The authorities circled. The previous generation’s famous black athletes—Joe Louis and Jackie Robinson—were trotted out to condemn him. Ali’s Louisville Sponsoring Group, the 11 white men who had bankrolled him since his gold medal in Rome, worked to get him into the National Guard; but to Ali’s credit he refused the Dan Quayle/George W. Bush route. As a result, the consortium dropped him. Again, to his credit, he called every member of the group to thank them for their help. But now he was isolated except for the Nation. He probably would’ve been eventually anyway. That’s the direction he was heading.
Siegel presents various moments from his years in the wilderness: speaking at college campuses; debating William F. Buckley on “Firing Line”; appearing on “The Ed Sullivan Show” in beard and afro wig and singing a song from his starring role in the Broadway musical, “Buck White,” which he was only doing because he was not allowed to fight. “Your greatest trial,” he’s told, “isn’t in the ring but with the American people.”
I suppose the hatred Ali’s draft resistance caused, and which is apparent in Susskind’s reaction, is not really that hard to understand. Ali was a professional fighter and a braggart. His religion was considered a hate group. Yet he refused to join the Army because he was too peaceful? Who was he kidding?
Yet he won that trial with the American people and with the courts. “Once Ali took the stand [against the Vietnam War],” Siegel has said in interviews, “he didn’t waver. What changed was everything else.”
The doc reminds us he barely won it. He had, as a talking head says, one foot and three toes in prison. The U.S. Supreme Court was going to rule against him, 5-3 (Thurgood Marshall, recusing), in Clay v. United States, and that would be it. But Justice John Marshall Harlan, writing the majority opinion, began to waver. What’s fascinating—and worthy of its own doc—was the politicking behind what should have been a strictly legal decision. Was Ali sincere in his religious beliefs? Was there precedent? What would the result be if they ruled broadly in his favor? So the Court wound up ruling narrowly in his favor. He got off on a technicality: the state’s inconsistent argument regarding the sincerity of Ali’s beliefs.

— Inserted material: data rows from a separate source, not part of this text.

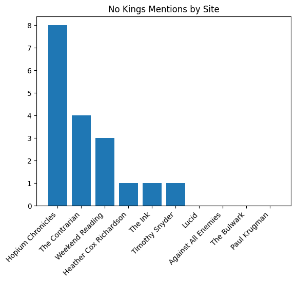 The second thing I did was much simpler: Focusing just on that core group of 10 sites/authors, I looked for mentions by them of “No Kings”—the name of the biggest pro-democracy push in the country—since the end of January, when the No Kings coalition announced that March 28 (this Saturday), would be the next day of mass national protest. What I found surprised me.
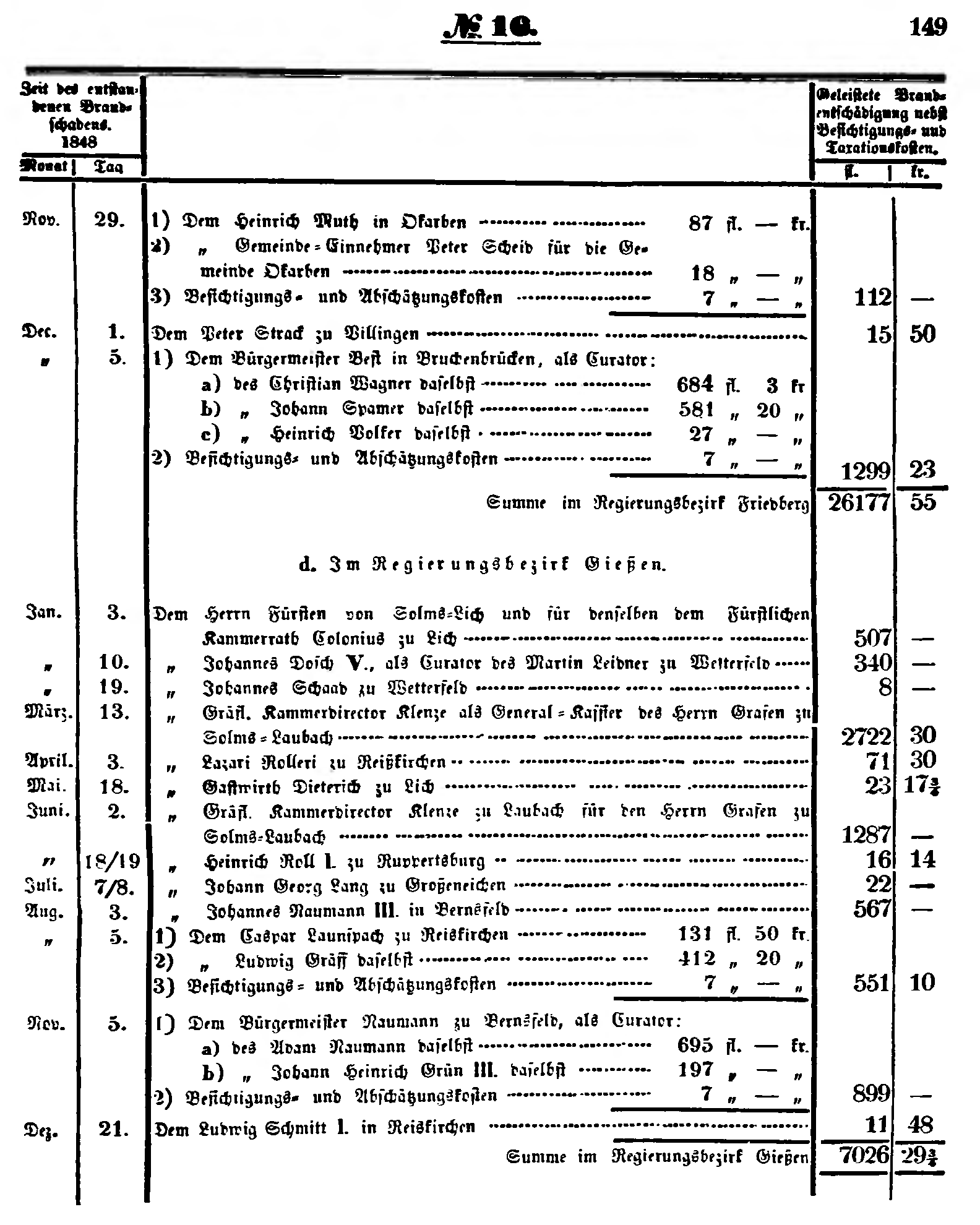 | Nov. | 29. | 1) Dem Heinrich Muth in Okarben | 87
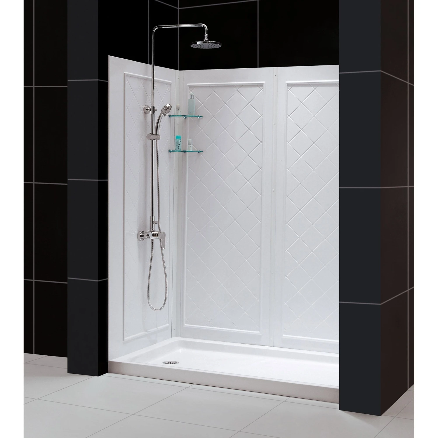 - Hardware Finish: Chrome; Base & Backwall Color: White; Center Drain (Centered on width only, see technical drawing for exact drain location)

Watching, one can’t help but wonder what Ali’s legacy would be if he had gone to prison for five years. How would he be regarded today? Would he be awarded the Medal of Freedom at the White House? Would docs like this be made? Or would Muhammad Ali, Sports Illustrated’s Sportsman of the Century, be a mere footnote in history?
“The Trials of Muhammad Ali” is a well-made doc, with, again, eye-opening archival footage. (Another example: Jerry Lewis hosting “The Tonight Show” before the Liston fight and telling the future champ to shut up. “I think you’re a big bag of wind,” Lewis says.)
Siegel also gathers an impressive group of talking heads from the period: Khalilah Camacho-Ali, Ali’s second wife, who, early on, tore up a “Cassius Clay” autograph in his face because that was his slave name; Gordon B. Davidson, the last surviving member of the Louisville group, who is still sharp and dignified; Robert Lipsyte, the great New York Times sports reporter; and various members of the Nation, including Captain Sam, the Miami minister who recruited Clay to the cause. Siegel allows each the space they need to shed what light they have.
At times it’s enough light to illuminate the past. At other times, it’s merely enough to feel our way toward further discussion.